#### Data extract ####

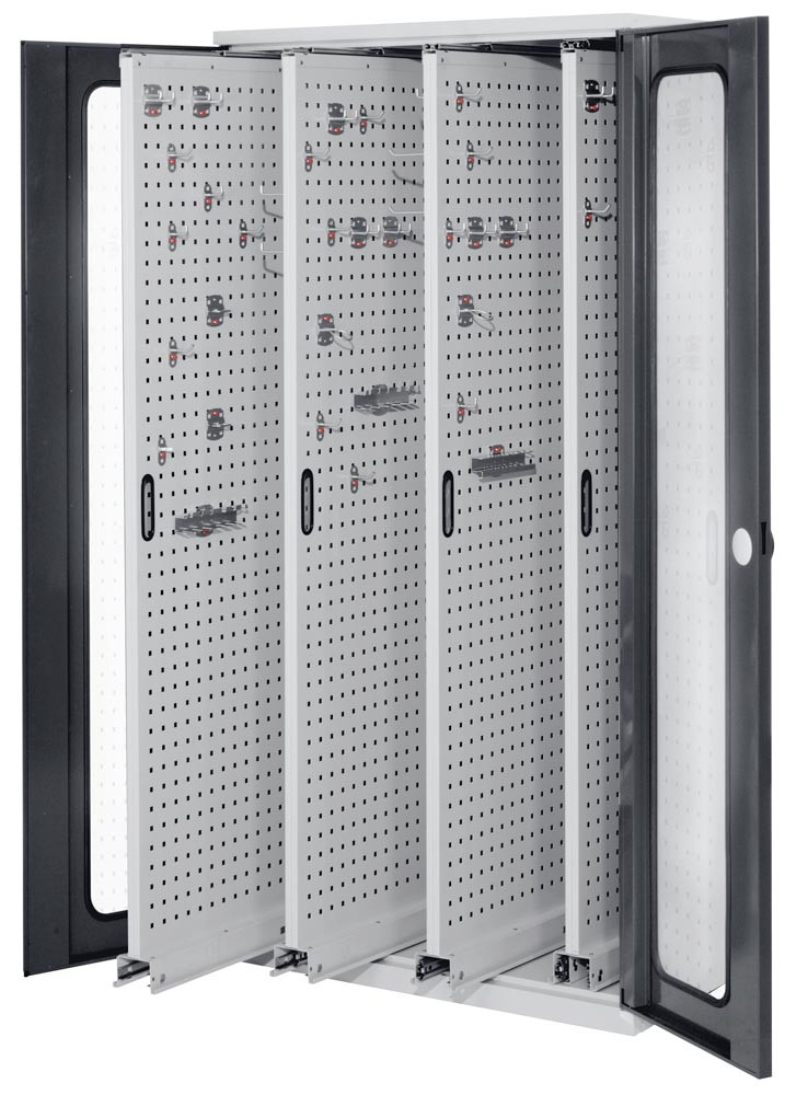 Schwerlastschrank, Sichtfenstertüren, 2 Vertikalauszüge, 3 Fachböden, BxTxH 1000x600x1950 mm, RAL 7035 E863644
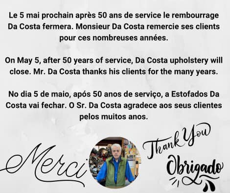 À compter du 5 mai 2023, le Rembourrage da Costa cesse ses activités.
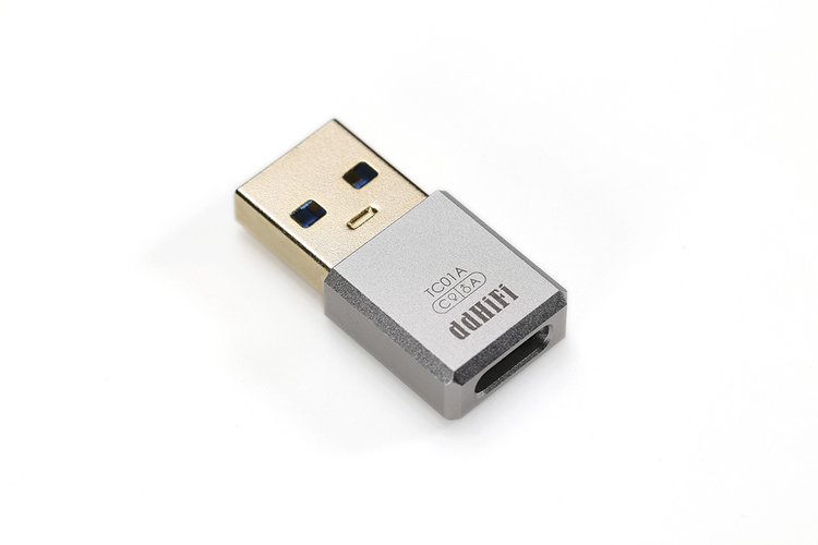 TC01Aは、USB-C(メス)to USB-A(オス)の変換に対応するコンバーター。USB規格上推奨される仕様ではないが、急速に進むUSB-C採用の流れに対応し、HiFiクオリティーに対応する本機を開発したとのこと。プラグには24K金メッキを採用。筐体はCNCアルミ合金。外形寸法は15.6mm×9mm×6.5mm(プラグ含まず)、質量は約22.5g。

####

#### Aim of the exercise:
Please write out, word for word, each line from the one with "À compter du" to the last line of the data, keeping both ends and omitting pictures.

#### Answer below:
 À compter du 5 mai 2023, le Rembourrage da Costa cesse ses activités.
 TC01Aは、USB-C(メス)to USB-A(オス)の変換に対応するコンバーター。USB規格上推奨される仕様ではないが、急速に進むUSB-C採用の流れに対応し、HiFiクオリティーに対応する本機を開発したとのこと。プラグには24K金メッキを採用。筐体はCNCアルミ合金。外形寸法は15.6mm×9mm×6.5mm(プラグ含まず)、質量は約22.5g。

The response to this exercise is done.